I put my hands on his hips- felt them rolling under my finger fluidly. "How does he move so effortlessly?" I thought and he changed his rhythm- making me moan loudly. "I'm going to cum soon, Bin." I warned and he rode me harder.

"Hold on for me, Prince. Please." He begged and I knew he was close- I watched the pulse in his neck jump- a caged thing desperate to be freed. He planted his hands on my chest, and I was thrusting up into him desperately. He met each movement with his own and then he was moaning- so close, I could feel him clenching around me-making it nearly impossible to hold out.

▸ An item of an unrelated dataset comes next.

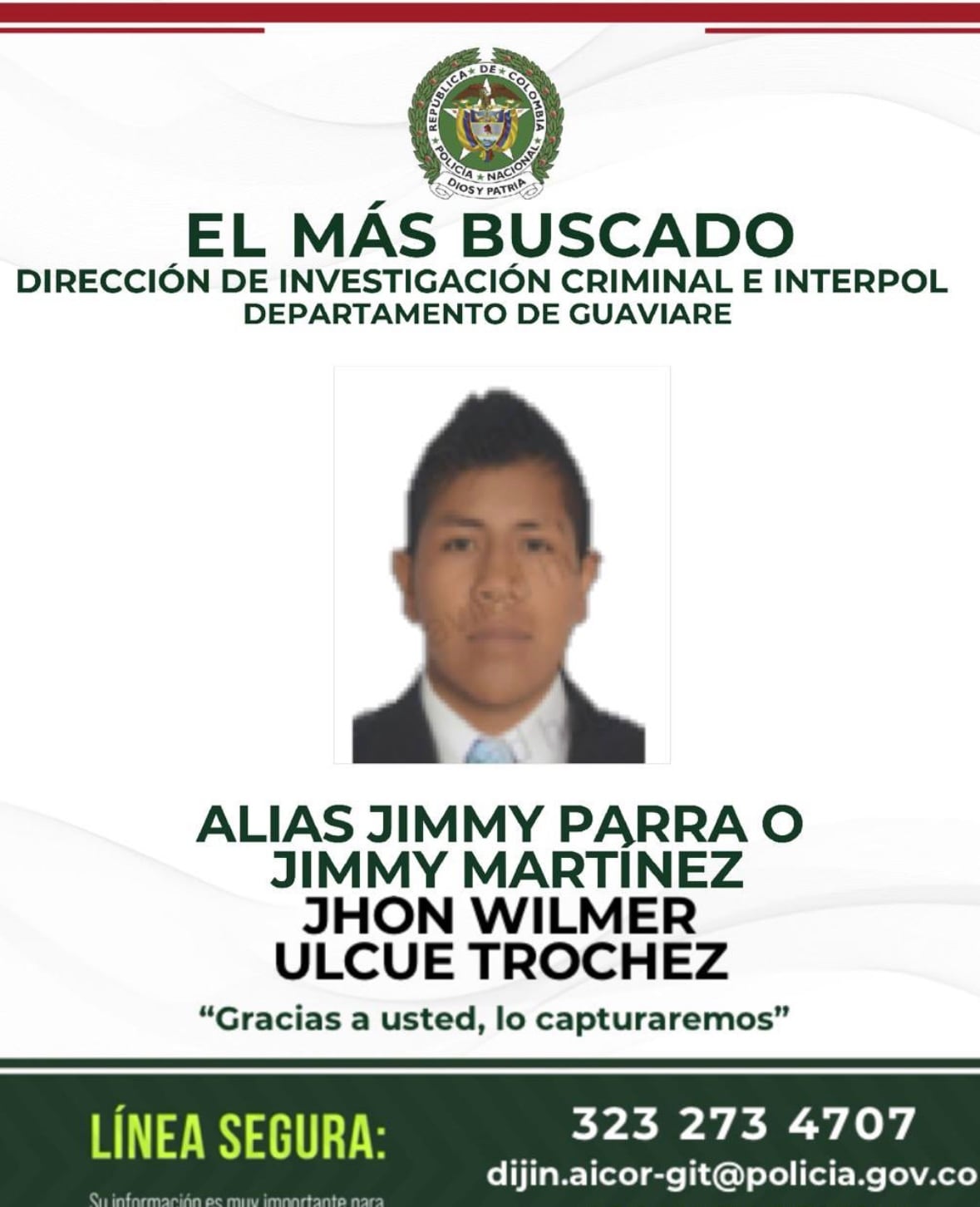 La Policía publicó el rostro del supuesto responsable del secuestro de 34 militares en Guaviare. Se trata de Jhon Wilmer Ulcue de la subestructura 44 “Antonio Ricaurte”.
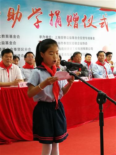 此次助学款项由安慈公益基金会出资。市慈善基金会奉贤区分会会长陈洪凡、副会长兼秘书长戚爱国参加活动。

He was glorious in the throes of passion, and I was more than happy to be the one giving it to him. "Oh Prince, yes." He groaned and he came, releasing, hot and sticky, seeping down the length of his cock- reminiscent of ice cream melting in the heat of summer.

"Oh Fuck." I hissed, following him over the edge- pulsing deep within him.

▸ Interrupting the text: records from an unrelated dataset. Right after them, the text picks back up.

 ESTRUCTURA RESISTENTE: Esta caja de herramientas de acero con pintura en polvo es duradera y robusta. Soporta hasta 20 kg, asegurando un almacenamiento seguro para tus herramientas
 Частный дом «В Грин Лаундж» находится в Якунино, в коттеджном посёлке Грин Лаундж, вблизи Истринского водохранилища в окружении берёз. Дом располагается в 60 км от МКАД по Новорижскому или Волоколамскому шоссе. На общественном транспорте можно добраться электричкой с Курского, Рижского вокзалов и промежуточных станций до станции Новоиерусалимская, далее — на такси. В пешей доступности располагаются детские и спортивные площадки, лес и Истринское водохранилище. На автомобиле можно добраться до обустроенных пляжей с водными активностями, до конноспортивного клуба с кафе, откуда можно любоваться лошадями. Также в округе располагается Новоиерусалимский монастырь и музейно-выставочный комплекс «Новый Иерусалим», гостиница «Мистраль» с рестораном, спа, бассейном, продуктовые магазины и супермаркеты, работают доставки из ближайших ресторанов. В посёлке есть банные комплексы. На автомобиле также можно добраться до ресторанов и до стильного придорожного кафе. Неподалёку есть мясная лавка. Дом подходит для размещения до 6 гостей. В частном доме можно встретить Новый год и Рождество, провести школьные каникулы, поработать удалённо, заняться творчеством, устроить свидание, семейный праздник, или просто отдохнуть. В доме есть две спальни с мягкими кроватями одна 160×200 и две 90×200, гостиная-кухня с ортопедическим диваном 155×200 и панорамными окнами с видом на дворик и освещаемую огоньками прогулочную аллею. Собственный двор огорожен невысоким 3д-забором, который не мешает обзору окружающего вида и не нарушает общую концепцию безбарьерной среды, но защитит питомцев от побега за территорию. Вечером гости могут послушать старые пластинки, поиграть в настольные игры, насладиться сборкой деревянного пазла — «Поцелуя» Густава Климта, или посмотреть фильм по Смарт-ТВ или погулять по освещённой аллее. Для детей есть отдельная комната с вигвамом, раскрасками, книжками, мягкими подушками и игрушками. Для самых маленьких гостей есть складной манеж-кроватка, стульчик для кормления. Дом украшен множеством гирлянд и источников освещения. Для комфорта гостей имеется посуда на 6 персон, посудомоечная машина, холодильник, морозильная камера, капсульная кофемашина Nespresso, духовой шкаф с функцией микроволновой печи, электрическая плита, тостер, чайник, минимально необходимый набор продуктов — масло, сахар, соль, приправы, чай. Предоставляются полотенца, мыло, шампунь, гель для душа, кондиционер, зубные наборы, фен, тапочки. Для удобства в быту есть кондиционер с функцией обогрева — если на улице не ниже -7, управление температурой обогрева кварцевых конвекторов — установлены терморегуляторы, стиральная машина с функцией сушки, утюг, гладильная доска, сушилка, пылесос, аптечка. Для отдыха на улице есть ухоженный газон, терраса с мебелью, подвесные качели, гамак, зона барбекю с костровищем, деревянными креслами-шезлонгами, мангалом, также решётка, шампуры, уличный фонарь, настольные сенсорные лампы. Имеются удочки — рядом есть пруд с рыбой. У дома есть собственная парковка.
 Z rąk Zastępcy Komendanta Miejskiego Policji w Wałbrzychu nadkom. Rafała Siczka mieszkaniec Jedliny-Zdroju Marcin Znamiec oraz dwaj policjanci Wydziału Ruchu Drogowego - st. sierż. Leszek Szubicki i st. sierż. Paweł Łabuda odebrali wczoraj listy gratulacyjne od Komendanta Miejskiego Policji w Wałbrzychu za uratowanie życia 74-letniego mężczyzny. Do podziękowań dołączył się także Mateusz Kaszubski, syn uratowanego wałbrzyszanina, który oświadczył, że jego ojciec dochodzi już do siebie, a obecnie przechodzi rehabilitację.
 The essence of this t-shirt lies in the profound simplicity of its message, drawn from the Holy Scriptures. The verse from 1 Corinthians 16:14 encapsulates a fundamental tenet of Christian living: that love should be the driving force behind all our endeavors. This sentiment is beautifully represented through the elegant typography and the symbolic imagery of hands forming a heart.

We stayed together, fused- just the two of us. My heart leapt at that. "How did I do, Prince?" He asked- wanting praise.

"You are the sexiest cowboy I've ever seen." I smiled, the image of him- naked, astride my hips, wearing a cowboy hat flooding my brain- making my fingers itch to get drawing.

He smirked and leaned down. "Well Yee Haw." He whispered and kissed me. I laughed, rolling him to the side, nuzzling his nose with mine, my arms wrapping around him.

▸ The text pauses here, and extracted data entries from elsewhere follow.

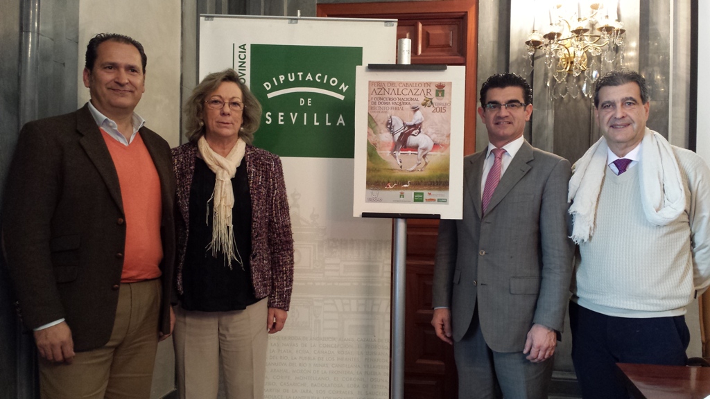 Hoy se ha presentado en la Casa de la Provincia el Concurso de Doma Vaquera que ha organizado el Ayuntamiento de Aznalcázar para celebrar el Día de Andalucía. Al acto han asistido el Gerente de Prodetur, D. Amador Sánchez, la Alcaldesa de Aznalcázar, Dª. Dolores Escalona, D. Diego Mora Sánchez, Presidente de la Asociación de Criadores de Ganado Vacuno y Yeguar de Aznalcázar y D. Pepe Navalón de la empresa Trocao, encargada de organizar el Concurso y el resto de actividades ecuestres que tendrán lugar los días 28 de febrero y 1 de marzo.
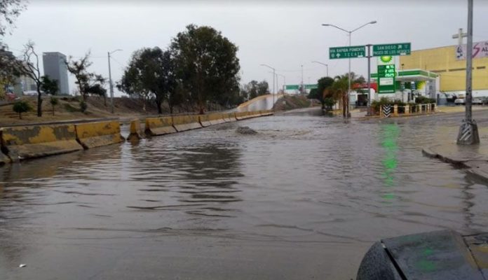En el Distrito Playas de Tijuana, se reporta un enorme encharcamiento de aguas pluviales en el Libramiento Rosas Magallón y la Calle Segunda.
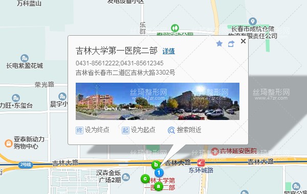長春客運中心站70米向南步行 到 長江路16站乘 361路B線 (凱利中心方向) 或G361路 到 樂群街70米向西步行 到 吉林大學第一醫(yī)院二部
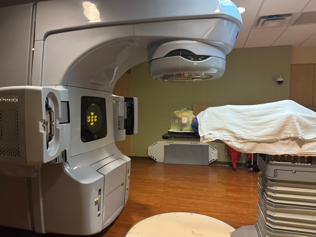 The mask is literally snapped to the table. You can’t move your head at all. You can kind of see through the holes and of course you can breathe. The round equipment above my head rotated all the way around the table that I’m lying on.
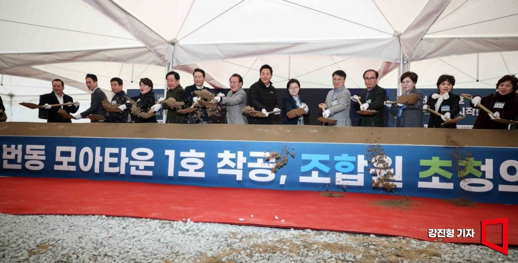 오세훈 서울시장을 비롯한 주요 내빈 및 지역 주민들이 16일 서울 강북구 번동 모아타운 지역에서 열린 '번동 모아타운 착공 초청의 날'에 참석해 시삽을 하며 공사 시작을 알리고 있다. 서울시의 노후 저층주거지 정비모델인 '모아타운' 1호로 선정된 강북구 번동 모아타운이 세입자 이주를 끝내고 마침내 공사에 들어간다. 시가 모아타운·모아주택 추진계획을 발표한 지 약 3년 만이다. 번동 모아타운은 2022년 1월 모아타운·모아주택 추진계획 발표와 함께 시범사업 대상지로 선정돼 그간 시와 강북구의 전폭적 행정지원을 받아 빠르게 진행돼 왔다. 지난달부터 철거를 시작해 2028년 준공·입주 예정이다.

"My Cowboy." I tried out the nickname and smiled. He blushed beautifully. I held him, reveling in his happy sounds as I pet his hair and tangled my legs with his. For the first time, we were content- just the two of us, and I didn't want it to end. We snuggled into each other until I felt the paint on my skin drying- becoming tight. He was almost asleep when I caught his lips for a kiss. "Did you say something about lunch?" I asked and his head lifted.

"I did." He said, nodding happily.

"Is it okay if we order something?" I asked- my fingers touching the drying paint on his chest. "We really should shower this off- and..." I trailed off- suddenly shy.

"And what?" he asked.

"I would really like to paint you in the nude." I said quickly.

He smiled devilishly. "Did you just say you wanted to paint me like one of your French girls?" he joked- referencing Titanic from our latest movie night- Felix's pick. I rolled my eyes but laughed.

"Yeah- I guess I did. I mean I've drawn you lots- but it's always from memory." I explained, starting to get out of bed.

"Oh?" he countered. "And where are these drawings?"

"Let's shower and order food and I'll show you." I promised. I knew I couldn't make up for the weeks I had neglected him, but I was happy he was giving me a chance to start. "Am I forgiven? I asked- needing to clarify that he wasn't leaving.

He scooted to the edge of the bed and swung is legs over the edge, so he sat looking up at me. He reached out and grabbed my hips, pulling me to him. I stood between his legs and his head rested on my stomach. "It is easy to forgive the ones you love." He said low, tracing the drying paint on my hip bone with his fingers. "Do you forgive me for being needy?" he asked, and I laughed.

"I wasn't meeting your needs, and I am sorry. I promise I won't do that again." I paused- knowing how my brain worked and amended my statement. "But if you are feeling neglected, ever, I need you to tell me. Don't wait until there are tears- I hated seeing you cry, my love." I whispered, running my fingers through his silky curls.

He looked up at me, eyes huge and a happy smile on his lips and nodded.

"Shower?" I asked, pulling him to a standing position. He let me lead him to the bathroom where we stepped into the hot steam, letting the water wash away any residual fears.